Sono andato quest'oggi ad udienza, ma il ragioniere, in assenza del direttore, non ha potuto consigliarci altro che d'attendere. Per ora non ci vengon più consegnate neppure le riviste e i giornali illustrati di cui abbiamo pagato l'abbonamento. Dovremmo limitarci alla lettura della biblioteca del carcere.
La biblioteca di questo carcere è una della migliori e ne vanno assai orgogliosi, perché contiene 2.300 opere; un quarto di esse, però, son libri di religione, eredità della biblioteca di qualche vecchio seminario; un altro quarto son libri scientifici e di storia anteriori all'unificazione d'Italia; nella parte restante c'è una ventina di opere di studio interessanti, e poi romanzi, moltissimi polizieschi e d'avventure, e traduzioni nell'edizioni economiche da tre lire. Il direttore ci disse che per i nuovi acquisti avremmo potuto manifestare i nostri desideri, ma tutto lascia credere che rimarranno desideri.»

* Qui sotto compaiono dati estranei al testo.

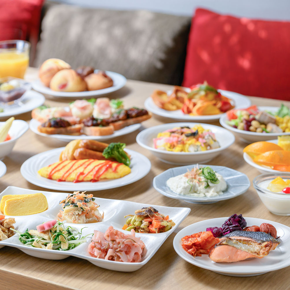 「新しい物語は美味しい朝食から」をコンセプトに、京都の歴史と進化を体感する朝食ブッフェをご用意。京都を感じる「おばんざい」や焼鯖のちらし寿司などに加えて、スクランブルエッグやベーコンとグリル野菜、カレーなど、和と洋を織り交ぜた多彩なメニューをお好きなだけお召しあがりください。
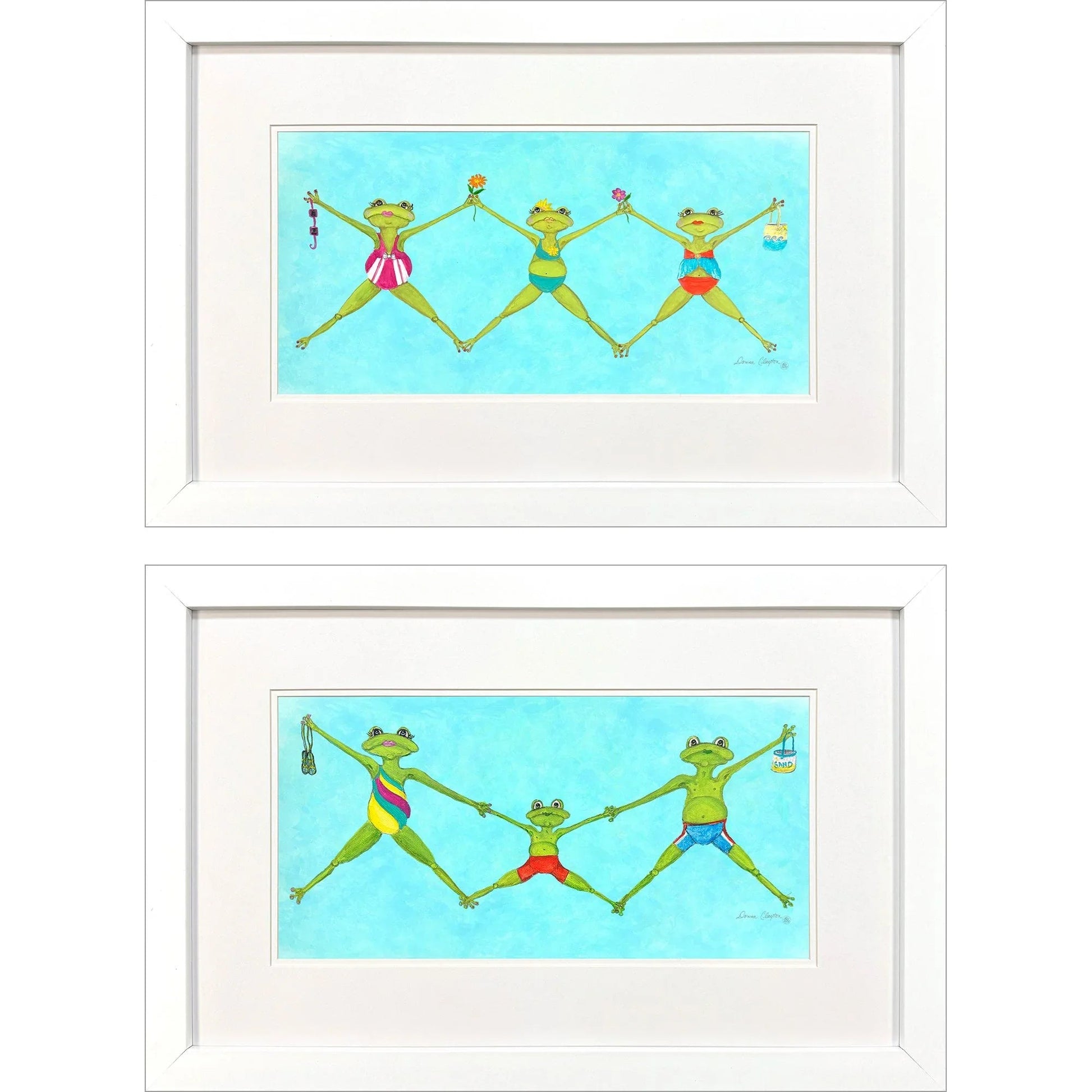 Jump into a world of color and whimsy with the Summer Splash II S/2 Exclusive Hand Assembled Art. This delightful set captures the playful essence of a sunny day by the water. Each piece in the set features charming frog illustrations sporting bright swimsuits against a light blue background. The art is double matted in white and housed in a sleek, block profile matte white frame, making it a perfect fit for any coastal-themed space. The vibrant colors and whimsical design create an uplifting atmosphere, ideal for transforming your home or office into a cheerful retreat.
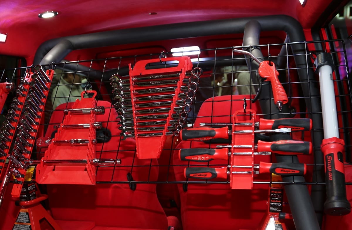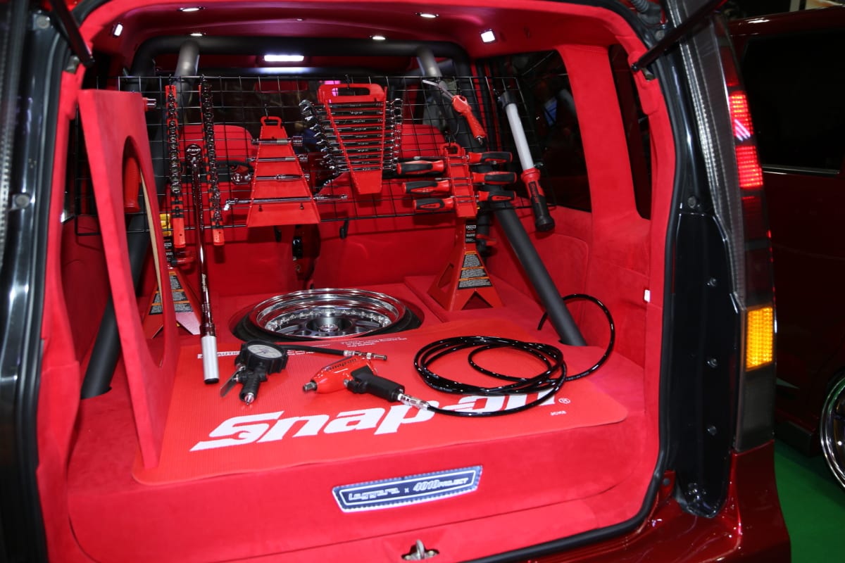 注目は、後部座席と荷台部分へきれいにデコレーションしたスナップオン製のツールたち。
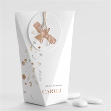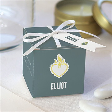 Wie bereits mehrfach erwähnt, ist eine Zuckermandelschachtel zur Kommunion, zur Taufe oder zur Hochzeit nicht nur ein Geschenk an Ihre Gäste. Sie ist vielmehr ein Element Ihrer Tisch- und Raumdekoration. Daher sollte die Dose zum Thema des Tages passen und Ihrer Dekoration einen zusätzlichen originellen Touch verleihen. MeineKarten.com bietet Ihnen mehrere Veredelungsmöglichkeiten an, um Ihre Geschenkbox zu verschönern.
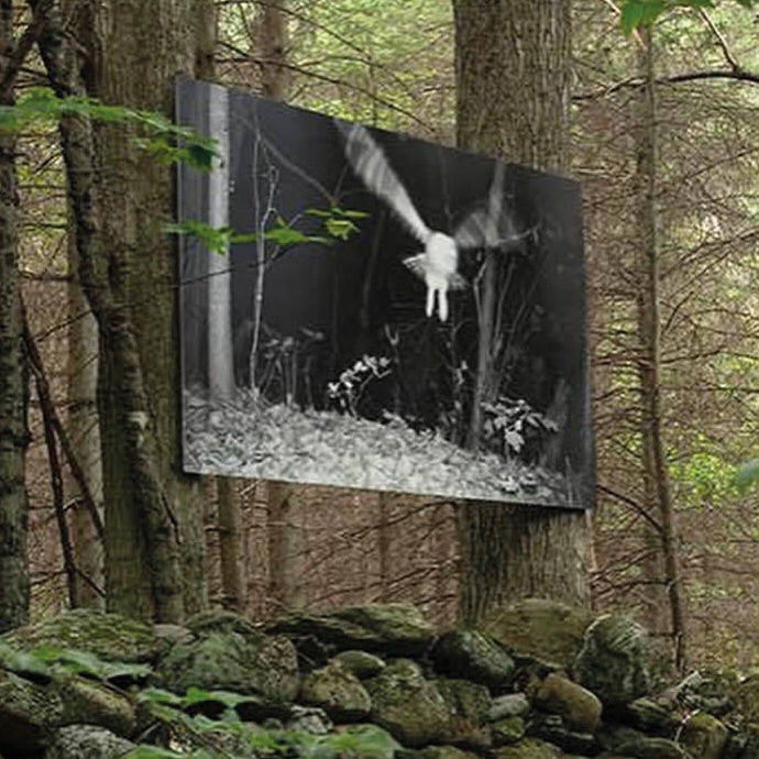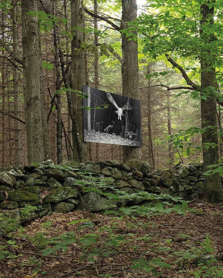 Vue de l’exposition Nightlife au mont Pinacle d’Éliane Excoffier (2022) présentée par Adélard à la Fiducie foncière du mont Pinacle, Frelighsburg. Courtoisie : Adélard

(lettera alla madre, 12 agosto 1932, p. 151).
«Purtroppo, mi resta anche ben poco d'interessante da leggere nella biblioteca del carcere, e ci son tante restrizioni per l'acquisto dei libri attraverso l'amministrazione che in tre mesi ho potuto acquistarne solo un paio. Dei libri mandati ultimamente dal Ministero alcuni ne conoscevo (Fustel de Coulanges, Sombart) e gli altri son quasi tutti di filosofìa di Gentile o di gentiliani; ho provato anche questa settimana ad assaggiarne qualcuno, ma non riesco a mandarli giù. Digerirei più facilmente l'olio di ricino. Adesso ho con me l'Antologia critica degli scrittori d'Italia del De Sanctis, a cura di L. Russo, in cui sono svolti più ampiamente gli stessi argomenti che già conosco per averli letti sulla Storia della letteratura dello stesso De Sanctis. È un bellissimo lavoro. Ma poi vorrei leggere qualcosa che corrispondesse di più alla mia forma mentis, ed al genere di studi che prediligo: economia, storia e diritto pubblico.»
(lettera alla madre, 9 dicembre 1932, p. 160).
«Non m'interessa che tu m'indichi altri libri di astronomia popolare. Ho letto volentieri quello del Fabre, tanto per avere qualche idea più chiara sull'argomento; ma non ho voglia di leggerne altri, almeno per ora.
Dopo il Fabre, Mario si è messo a leggere tutti i libri di storia naturale che ha trovato sul catalogo della biblioteca. Ce ne sono diversi, vecchiotti anzi che no, ma scritti bene.»
(lettera alla moglie Ada dal carcere di Piacenza, 6 ottobre 1933, p. 218. Mario era un detenuto comunista, romagnolo, non identificato. L'opera di Jean Henri Fabre, Il cielo, era stata acquistata da Rossi poco tempo prima).
Rossi (1933-1943)
«Sono stato cinque giorni senza niente da leggere. Ore eterne. [...]
Sabato ho potuto avere dal cappellano due libri: La storia del Regno di Napoli del Colletta e I colloqui con Mussolini del Ludwig.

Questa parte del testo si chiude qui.